*** Records shown ***

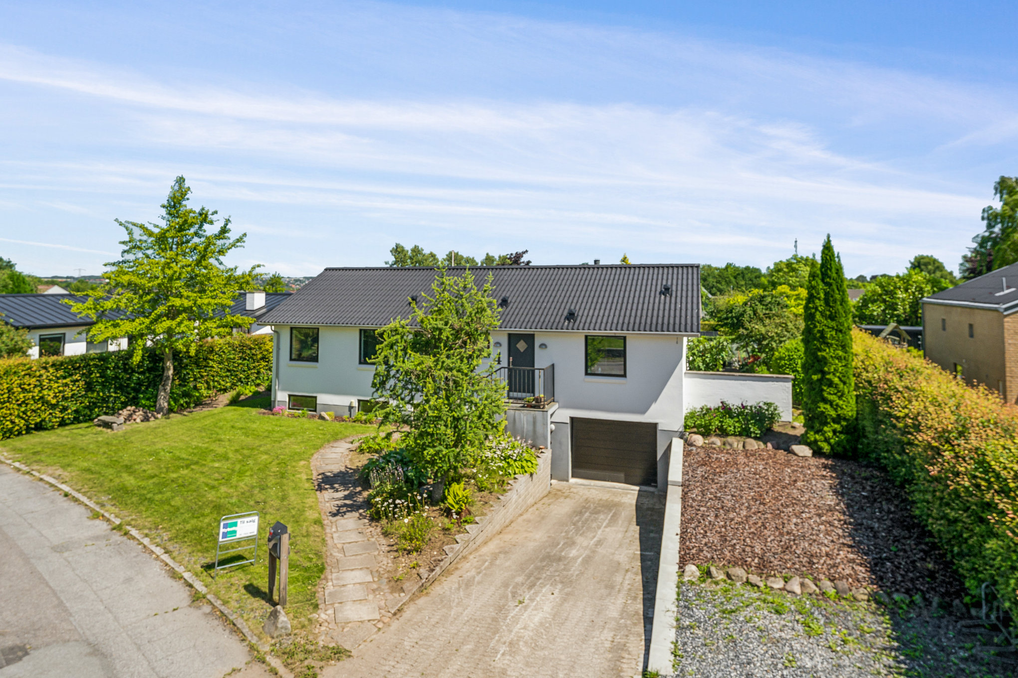 Udenfor venter lige så velholdt et ydre med nyere tag og pæne udearealer. Parkér trygt bilen i garagen, og lad den hyggelige forhave byde jer velkommen. Bagtil får I en solrig have med masser af plads til både fodbold og leg samt afslapning på terrassen – og dem med grønne fingre kan glæde sig over drivhuset og de mange velplejede bede.
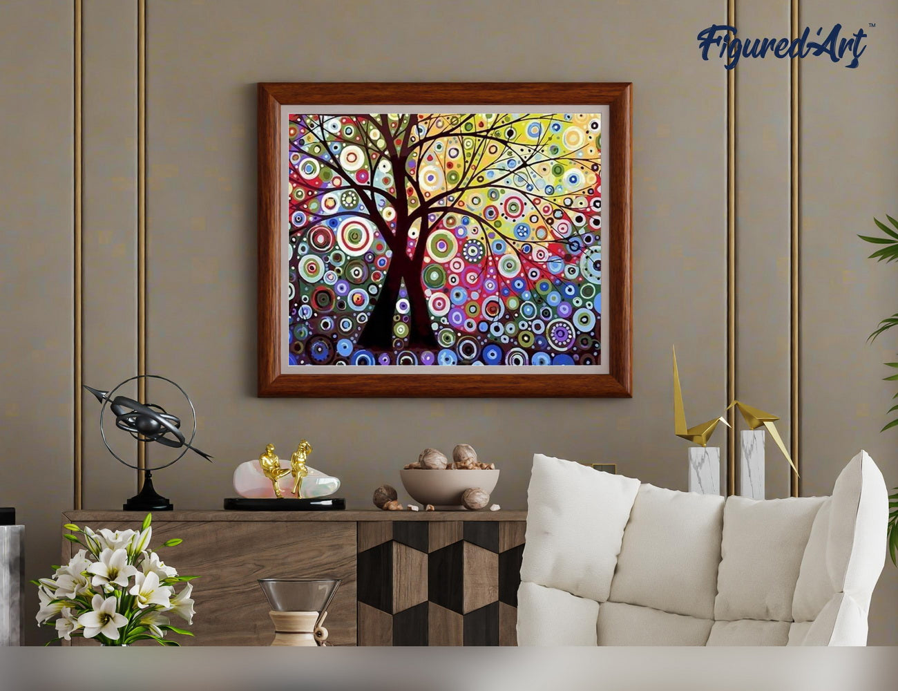 - Motiv: Baum im Buntglaseffekt – lebendige Farbwirkung
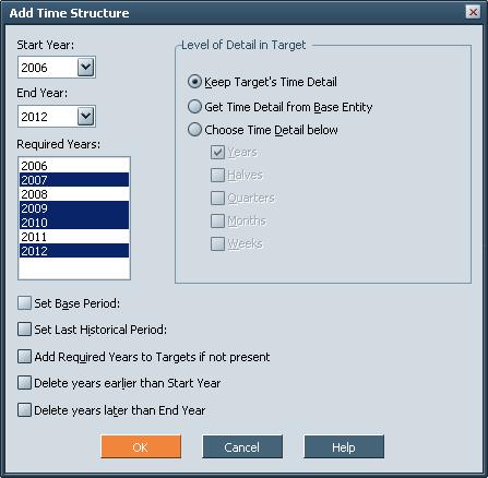 In Entity Change Manager, the Add Time Structure dialog box selects multiple years in the Required Years box.
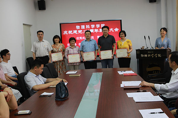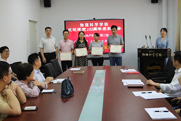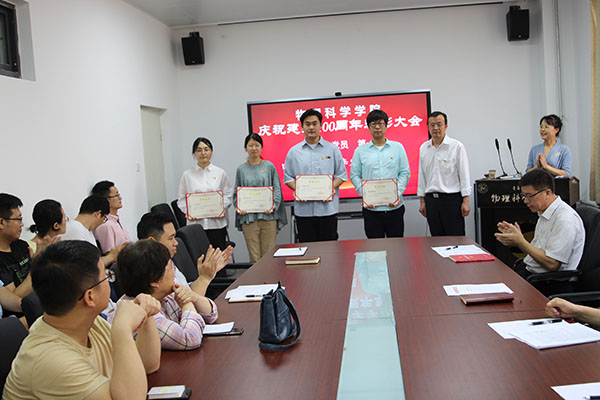 会上,应用物理系党支部书记李延强代表院优秀党务工作者、物理教育系主任张芳代表院优秀教师共产党员、研究生田雪代表优秀学生共产党员分别作了发言。
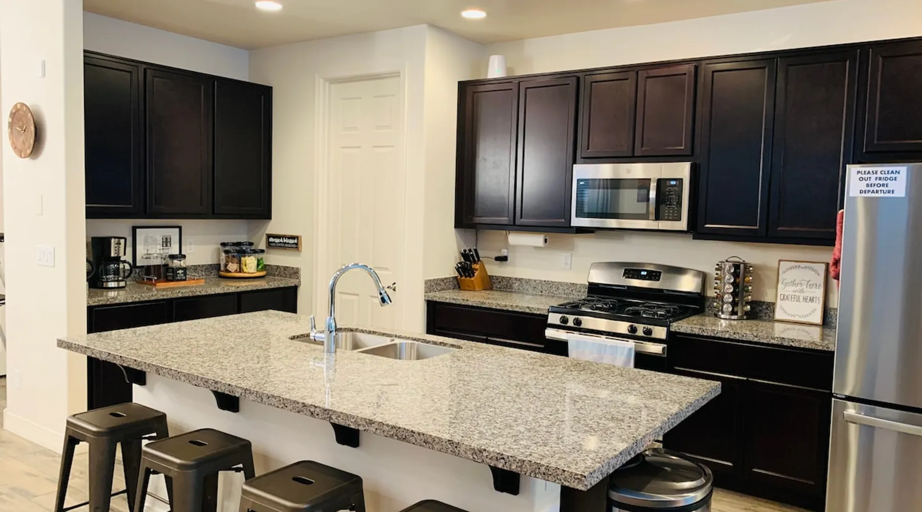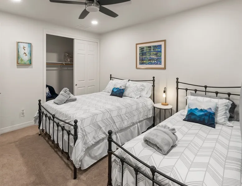 Getaway from the day to day in a peaceful refuge. The space The Mountain Getaway is at approximately 7,500 feet with great access to the four seasons. Just west of Historic downtown, and Northern Arizona University, you can explore all the best that Flagstaff has to offer! Incredible hikes, great skiing, delicious meals at vibrant downtown restaurants, and much more. Looking for a day trip? A little further away you can explore Sedona, Williams and the Grand Canyon. The property is a newly built, two story home with tile and carpet flooring through out. The open great room floor plan contains a fully equipped kitchen, with stainless steel appliances and granite countertops, to enjoy a delicious meal and spend time with family and friends. The dining table expands to seat 6, and the breakfast bar seats 4. Adjacent to the kitchen and dining, is the main living space with comfortable seating and an Amazon/Netflix ready TV for your entertainment pleasure. The back patio/yard is off the dining area and fully fenced, for your privacy. Other items available to make your stay more comfortable: -Full size washer and dryer -1 Car garage -High Speed Internet -2 Amazon Fire ready TV -Central Heating -Air Conditioning -Ceiling Fans (+ desk & floor fan in the loft) -Inflatable mattress should your stay expand to 9 or 10 guests -A nearby park behind the house and a large park two blocks west, toward Woody Mountain Rd Provided for use during your stay: -Coffee & Tea Service; coffee, creamer, sugar, & other sweeteners -spice rack in the kitchen + salt/pepper grinder -Fresh linens & Towels -Toilet Paper -Shampoo & Conditioner -Body Wash -Hand Soap -Paper Towels -Filtered Water dispenser in the Fridge -Dishwasher detergent -Dish Soap -Laundry detergent The main suite with attached bathroom is on the first floor. All other bedrooms are on the second floor. There are four beds in three bedrooms. An additional twin pullout bed is available in the loft office, and the linens are in the hallway closet next to the bathroom. An inflatable queen mattress is located in the downstairs coat closet, as well as all linens. Bath towels are located in the upstairs hallway closet. No pets, smoking, parties or events are permitted. If you have a special request, please message and I will do my best to accommodate. Guest access You will have access to the entire home. Other things to note ITEMS PROVIDED: -Coffee, Tea and Paper Products -Dish Soap, Dishwasher Soap Pods, Laundry Soap Pods -Shampoo, Conditioner and Soap

*** End of Records shown ***

*Exercise directions*:
Could you set down every record above exactly as written, leaving out the pictures?

*Written response*:
 Udenfor venter lige så velholdt et ydre med nyere tag og pæne udearealer. Parkér trygt bilen i garagen, og lad den hyggelige forhave byde jer velkommen. Bagtil får I en solrig have med masser af plads til både fodbold og leg samt afslapning på terrassen – og dem med grønne fingre kan glæde sig over drivhuset og de mange velplejede bede.
 - Motiv: Baum im Buntglaseffekt – lebendige Farbwirkung
 In Entity Change Manager, the Add Time Structure dialog box selects multiple years in the Required Years box.
 会上,应用物理系党支部书记李延强代表院优秀党务工作者、物理教育系主任张芳代表院优秀教师共产党员、研究生田雪代表优秀学生共产党员分别作了发言。
 Getaway from the day to day in a peaceful refuge. The space The Mountain Getaway is at approximately 7,500 feet with great access to the four seasons. Just west of Historic downtown, and Northern Arizona University, you can explore all the best that Flagstaff has to offer! Incredible hikes, great skiing, delicious meals at vibrant downtown restaurants, and much more. Looking for a day trip? A little further away you can explore Sedona, Williams and the Grand Canyon. The property is a newly built, two story home with tile and carpet flooring through out. The open great room floor plan contains a fully equipped kitchen, with stainless steel appliances and granite countertops, to enjoy a delicious meal and spend time with family and friends. The dining table expands to seat 6, and the breakfast bar seats 4. Adjacent to the kitchen and dining, is the main living space with comfortable seating and an Amazon/Netflix ready TV for your entertainment pleasure. The back patio/yard is off the dining area and fully fenced, for your privacy. Other items available to make your stay more comfortable: -Full size washer and dryer -1 Car garage -High Speed Internet -2 Amazon Fire ready TV -Central Heating -Air Conditioning -Ceiling Fans (+ desk & floor fan in the loft) -Inflatable mattress should your stay expand to 9 or 10 guests -A nearby park behind the house and a large park two blocks west, toward Woody Mountain Rd Provided for use during your stay: -Coffee & Tea Service; coffee, creamer, sugar, & other sweeteners -spice rack in the kitchen + salt/pepper grinder -Fresh linens & Towels -Toilet Paper -Shampoo & Conditioner -Body Wash -Hand Soap -Paper Towels -Filtered Water dispenser in the Fridge -Dishwasher detergent -Dish Soap -Laundry detergent The main suite with attached bathroom is on the first floor. All other bedrooms are on the second floor. There are four beds in three bedrooms. An additional twin pullout bed is available in the loft office, and the linens are in the hallway closet next to the bathroom. An inflatable queen mattress is located in the downstairs coat closet, as well as all linens. Bath towels are located in the upstairs hallway closet. No pets, smoking, parties or events are permitted. If you have a special request, please message and I will do my best to accommodate. Guest access You will have access to the entire home. Other things to note ITEMS PROVIDED: -Coffee, Tea and Paper Products -Dish Soap, Dishwasher Soap Pods, Laundry Soap Pods -Shampoo, Conditioner and Soap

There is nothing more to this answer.